Two thirds of working parents feel that childless colleagues are not supportive of their work/life balance problems, according to a survey.
The Working Parents Survey 2009 was conducted by My Family Care, an organisation which provides emergency childcare, and interviewed around 5,000 parents. Most said their managers understood the issues they faced in balancing work and family life, but many felt childless colleagues were not supportive. Some 30% said colleagues felt a delayed train was a good excuse for arriving late, but childcare was not.
One woman said that a colleague who owned two dogs did not seem to understand that she could not just leave her children at home on their own.
The survey also found that most mothers said they would be loyal to their employer if offered flexible working.Read more

85% ‘support mandary gender pay audit’
Some 85% of people support mandatory gender pay audits, says the Fawcett Society and Unison.
The poll shows:
– 89% of women and 81% of men support the introduction of a legal requirement on employers to check they are paying female and male employees equally, and to take action if pay gaps are uncovered
– 48% of men and 32% of women believe that on the whole men and women receive equal pay for doing jobs of equal value.

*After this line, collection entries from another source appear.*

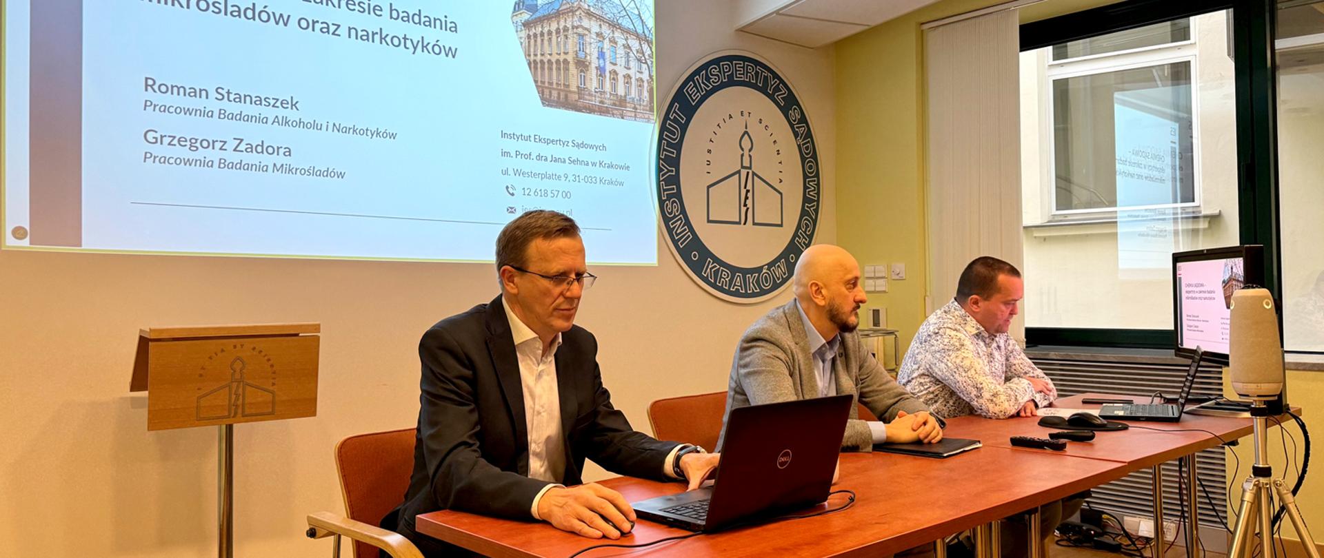 5 listopada odbyło się spotkanie z cyklu „Spotkania z biegłymi", które zostało zorganizowane w trybie hybrydowym. Prelekcję pt. „Chemia sądowa – ekspertyzy w zakresie badania mikrośladów oraz narkotyków” wygłosili przedstawiciele Pracowni Badania Alkoholu i Narkotyków oraz z Pracowni Badania Mikrośladów IES – dr Roman Stanaszek oraz prof. dr hab. Grzegorz Zadora.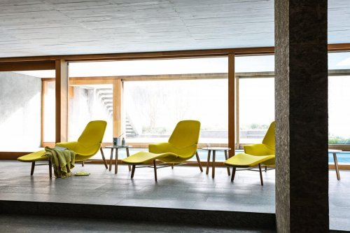 С чертежной доски французского дизайнера Патрика Норге шезлонг Atoll отражает удовольствие от отдыха с извилистыми изгибами, сочетающими эстетическое видение и эргономику. Неземная элегантность удлиненного сиденья переходит от высокой спинки к единственному подлокотнику. Четко очерченные пропорции корпуса контрастируют с гладкой простотой деревянных ножек и металлической конструкции. Шезлонг идеально подходит для обустройства зон отдыха в аэропортах, отелях и спа-салонах, а также является долгожданным убежищем в частных пространствах. В домашних условиях он придает уютную, но в то же время очень современную изысканность; приглашение насладиться драгоценными ритмами медленного времени.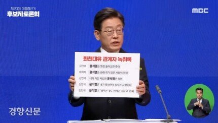 앞서 우상호 민주당 총괄선대본부장은 지난 20일 대장동 의혹의 핵심 인물인 화천대유 대주주 김만배씨와 정영학 회계사가 나눈 통화 녹취록 일부를 공개했다. 녹취록에는 “영장이 들어오면 윤석열은 죽는다”, “윤석열은 원래 죄가 많은 사람” 등의 발언이 담겼다. 이재명 민주당 대선 후보는 전날 대선 후보 3차 TV토론에서 이 같은 발언이 적힌 손팻말을 들며 윤 후보의 대장동 연루 의혹을 제기했다.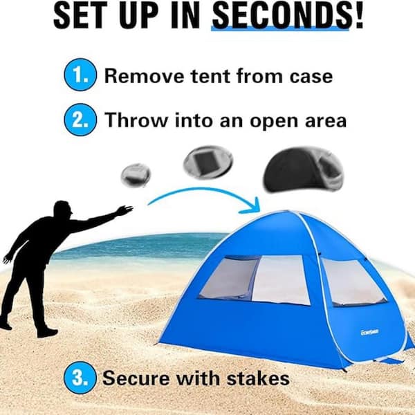 5 ft. x 5 ft. Blue Polyester Pop Up Beach Tent, Portable Instant Tent Sun Shelter for 3/4 Person
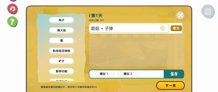 战斗虽然是塔防,但核心玩点并不是这个,作为测试人员,主要工作就是找BUG。这关系到对于BUG的判断,考虑到普通玩家并不是专业测试人员,提供了词条组合这种简单的玩法,只要描述清楚出问题的词条组合即可,满足当天BUG条数即可进入下一天。基础操作通过剧情来介绍,大部分情况下用到的是鼠标点击和拖拽,操作很常规,稍微摸索一下也能玩明白,上手不难。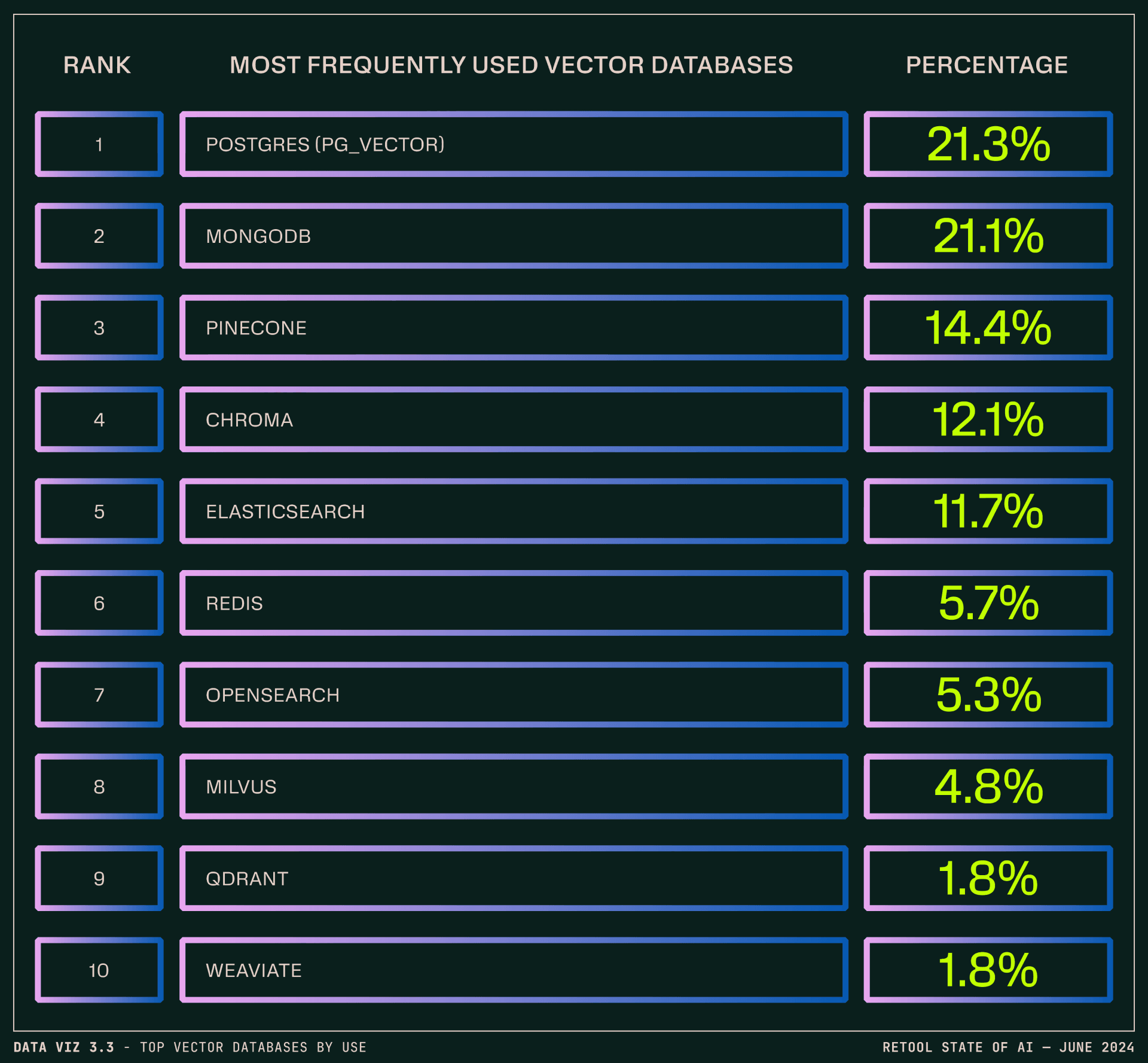 Today, most respondents reported using vector DB (63.6%)—a big leap from 2023’s 20%. (And the more people use their vector DB, the more they recommend it. Which came first, the chicken or the egg database?)

This suggests that they are unaware of the gender pay gap
– When they are told that "women are paid on average 23% less than men for doing jobs of equal value", 94% of the public agree that it is important to eliminate the gender pay gap.
The Government’s Equality Bill gives the Government the option in 2013 of requiring companies with 250 employees or more to reveal average pay for male and female staff.
A survey by the Fawcett Society shows women are still earning 21% an hour less than men for full- and part-time work nationally, but in some areas this rises to over 50% less.
It  found women in West Somerset earnt 53% less than men. In Windsor and Maidenhead the figure was 49% whilst in South Northamptonshire it was 43%. The lowest gender pay gap was in Sevenoaks in Kent where it was 1%.
The figures are based on Office for National Statistics data.